Application-Level Optimization: Sometimes the biggest gains come from optimizing the application itself—better indexing, query optimization, or algorithm improvements.

Measurement and Monitoring

You can’t optimize what you don’t measure. Essential monitoring includes:

Baseline Performance: Know what normal looks like. Without baselines, you can’t identify degradation.

Real-Time Monitoring: Track key metrics continuously. Set thresholds and alerts for anomalies.

End-to-End Visibility: Monitor the entire I/O path, not just individual components.

Correlation: When performance degrades, correlate across metrics to identify the root cause.

We’ve built extensive monitoring capabilities into MDS switches to help with this. The right instrumentation makes troubleshooting dramatically easier.

The 80/20 Rule

In my experience, 80% of performance improvements come from 20% of optimizations:

  • Proper RAID configuration
  • Adequate spindle count
  • Multipathing with appropriate policy
  • Sufficient HBA queue depth
  • Eliminating misalignment

Get these basics right before pursuing exotic optimizations.

Conclusion

SAN performance optimization is part science, part art. You need to understand the technology deeply, measure carefully, and think systematically about the I/O path.

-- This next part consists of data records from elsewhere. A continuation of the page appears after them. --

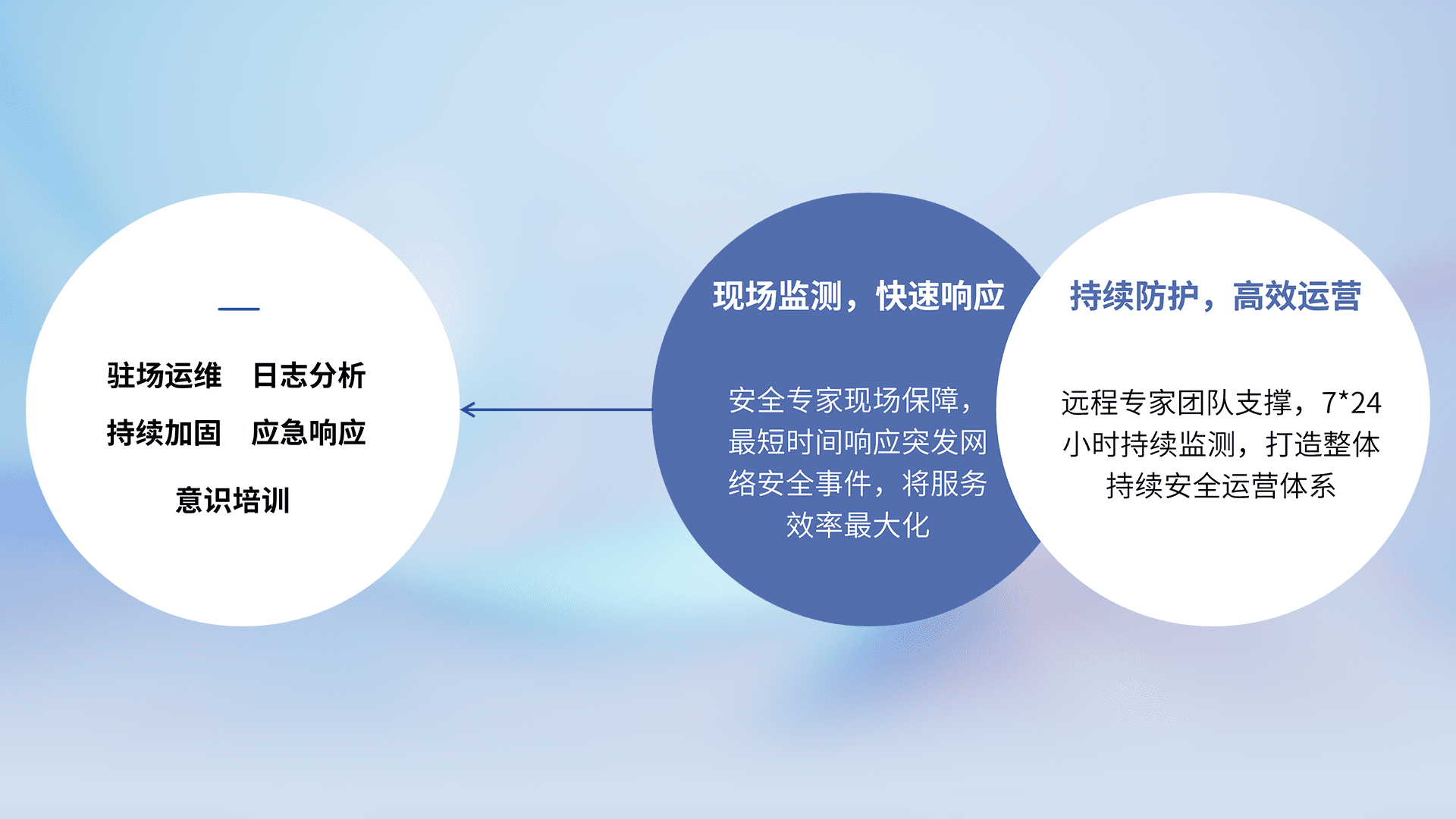 7X24小时持续监测安全事件,保持安全策略有效性,降低资产脆弱性风险,,,,精准拦截黑客攻击,,,,减少被黑客利用的机会,,,第一时间遏制,,,,降低损失。。
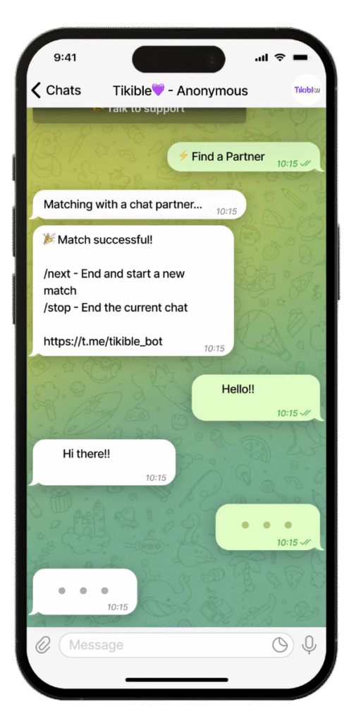 I was nervous at first, but Tikible makes it feel safe even when talking to strangers. Love the anonymity — no pressure to share anything.
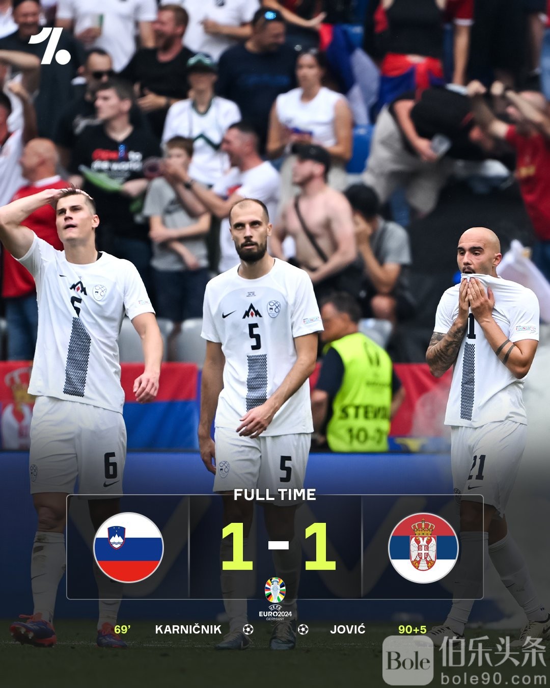 比赛进入最后阶段,塞尔维亚队全力进攻,斯洛文尼亚队门前风声鹤唳。伤停补时阶段,塞尔维亚队终于迎来转机。补时第5分钟,塞尔维亚队获得角球机会。替补前锋卢卡·约维奇高高跃起,头球攻门,皮球直入网窝。塞尔维亚队在最后一秒将比分扳平,比赛以1-1结束。

Working on FC-Redirect has taught me that performance is often about eliminating bottlenecks rather than making fast things faster. Finding and fixing that one slow component can transform overall system performance.

The key is systematic troubleshooting, comprehensive monitoring, and deep understanding of every layer in the stack. Master these skills, and you’ll be able to diagnose and fix performance issues that others find mysterious.

Storage performance is a fascinating field that rewards deep expertise. I hope these insights help you optimize your own storage environments.